Our copper clip technology boosts power handling, electrical efficiency, and reliability – making it ideal for the incoming generation of wide-bandgap devices.
Nexperia’s copper-clip technology has been a game changer for power packaging and continues to set the pace in performance and efficiency. Around 90% of our product range now uses the LFPAK loss-free package that introduced copper clip back in 2002, and this technology features prominently in the new CCPAK1212 that houses our latest GaN FETs.
We developed the LFPAK to meet the computing industry’s need for extremely high current when powering the latest processors. As each new silicon technology node brought exponentially more transistors on-chip, while also lowering the supply voltage, the peak current began heading towards 200 A and beyond. This stretched the capabilities of the industry-reference SO-8 transistor package, driving power supply designs towards larger packages such as DPAK and even D2PAK to handle it all.
We developed the LFPAK56 to deliver more power from the popular SO-8 package footprint, so that the LFPAK56 could be used instead of DPAK or D2PAK. Our first generation of 25 V MOSFETs in LFPAK56 (named after its dimensions – 5 mm x 6 mm) had RDS(on) and maximum drain current comparable to similar devices in DPAK, despite having a footprint less than half the size: 30 mm2, versus the DPAK’s 70 mm2. The copper clip attachment, which replaces traditional bondwire connections between the die and leadframe, has a huge cross-sectional area and so delivers a vast increase in both electrical and thermal performance.
At first, the industry was sceptical: how could this LFPAK56, less than half the size of a DPAK, achieve equivalent thermal performance? Some doubted the reliability of the clip attachment, although the physics was beyond doubt: soldering the clip directly to the source connection on the die eliminates the areas of high current density that normally occur where bond wires are attached. Thus, copper clip prevents the formation of temperature “hotspots” at these locations and so protects the transistor.
Reliability and thermal performance testing duly showed that the LFPAK could perform as claimed. LFPAK56 has also passed the stringent AEC-Q101 automotive qualification and, in fact, significantly exceeded every requirement.
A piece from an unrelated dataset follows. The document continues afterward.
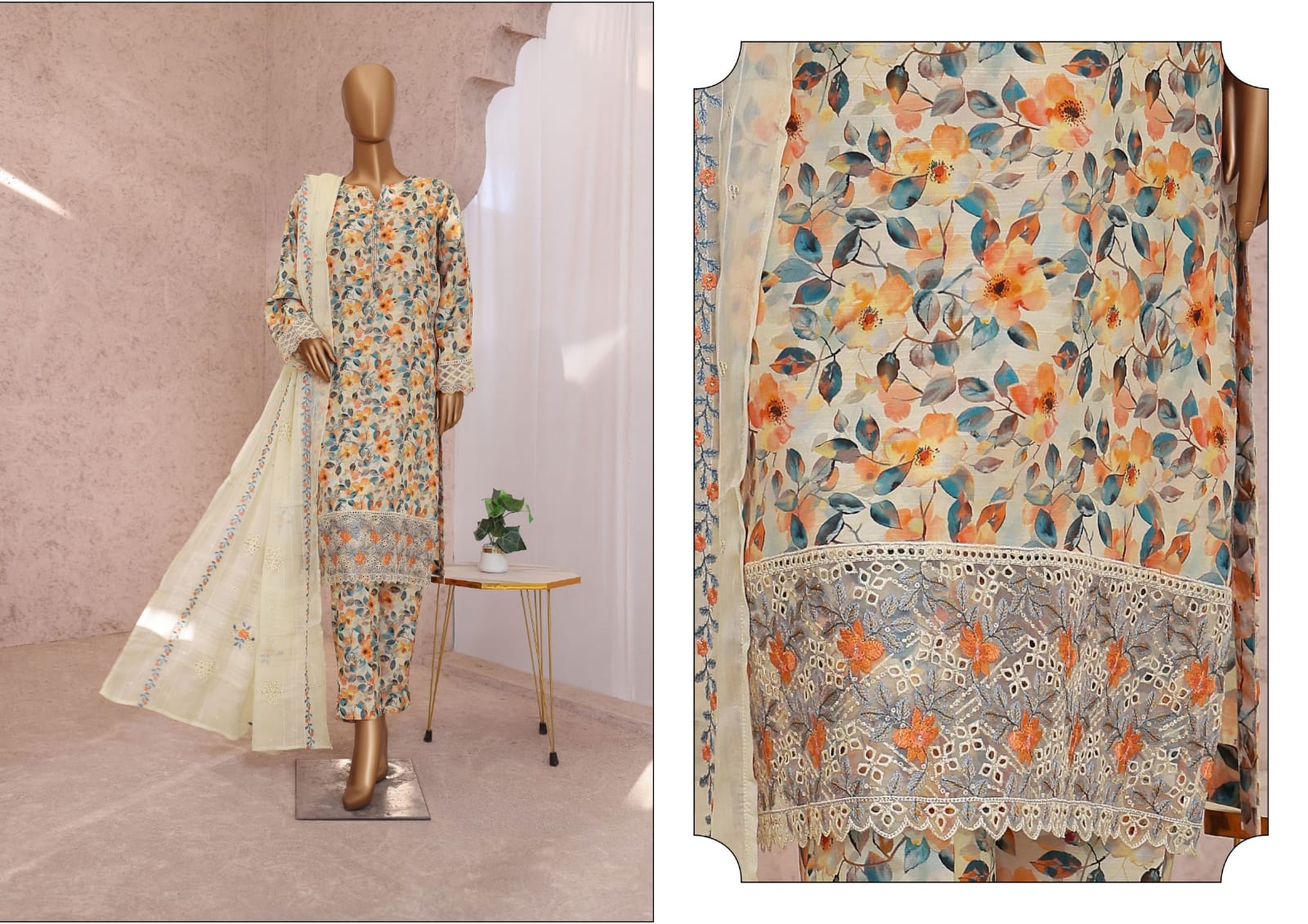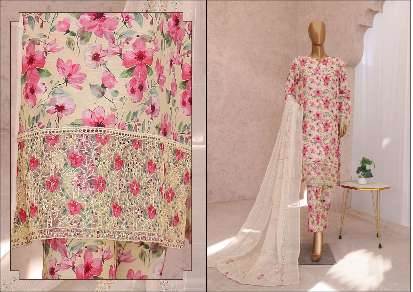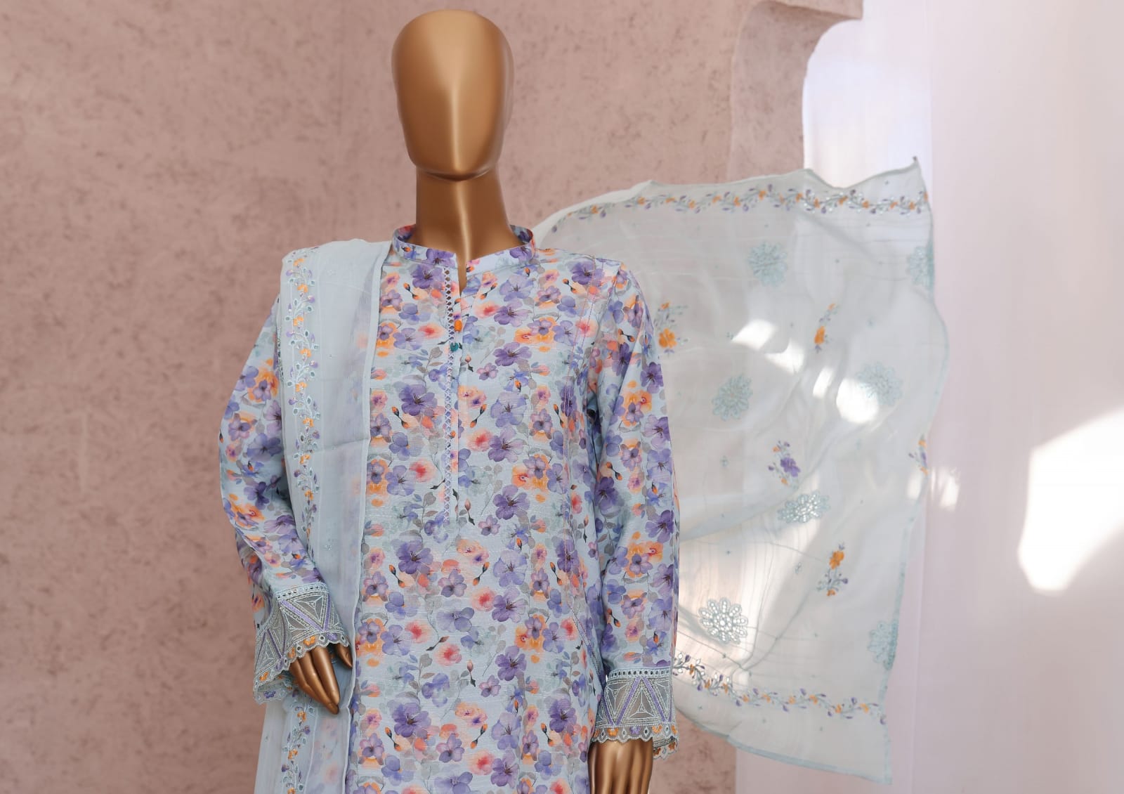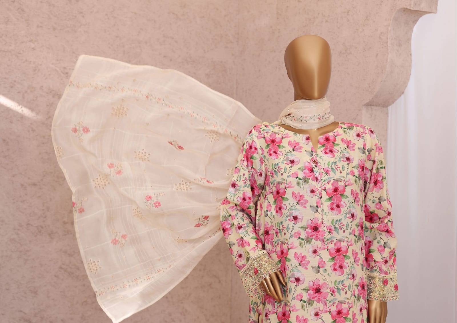 DIGITAL PRINTED RAW SILK EMBROIDERED STROUSER
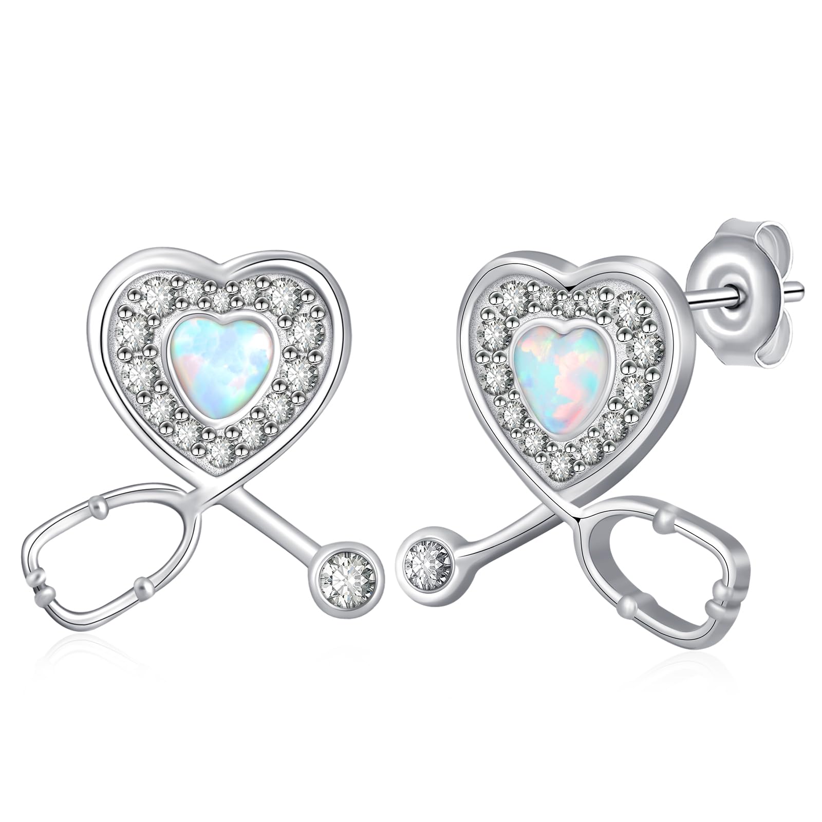 arete de plata de ley 925 con corazón de enfermera, aretes de estetoscopio, con ópalo y circonita, joyería fina, regalos para enfermera, médico, estudiante de medicina, Plata de ley, Ópalo

The copper clip also reduces package inductance, which is three times lower than that of conventional wirebonded packages and thus permits better switching efficiency and lower EMI. Boosting switching efficiency is increasingly important in today’s power supply designs, which target higher frequencies to realize greater power density and faster dynamic response. It’s why our latest copper clip package, the CCPAK1212, is such a great choice for our new GaN power transistors. Their wide-bandgap technology delivers excellent efficiency in fast-switching designs, making GaN and copper clip a perfect pairing.
We shipped more than 1.7 billion LFPAK devices in 2021, including MOSFETs and bipolar power transistors in LFPAK56 and its later derivatives from small size of 3 mm x 3 mm LFPAK33 to 8 mm x 8 mm LFPAK88. With the new CCPAK1212 now adding to the copper clip success story, we expect this technology to feature prominently in advanced power semiconductors for generations to come, either using GaN, SiC or MOSFETs devices.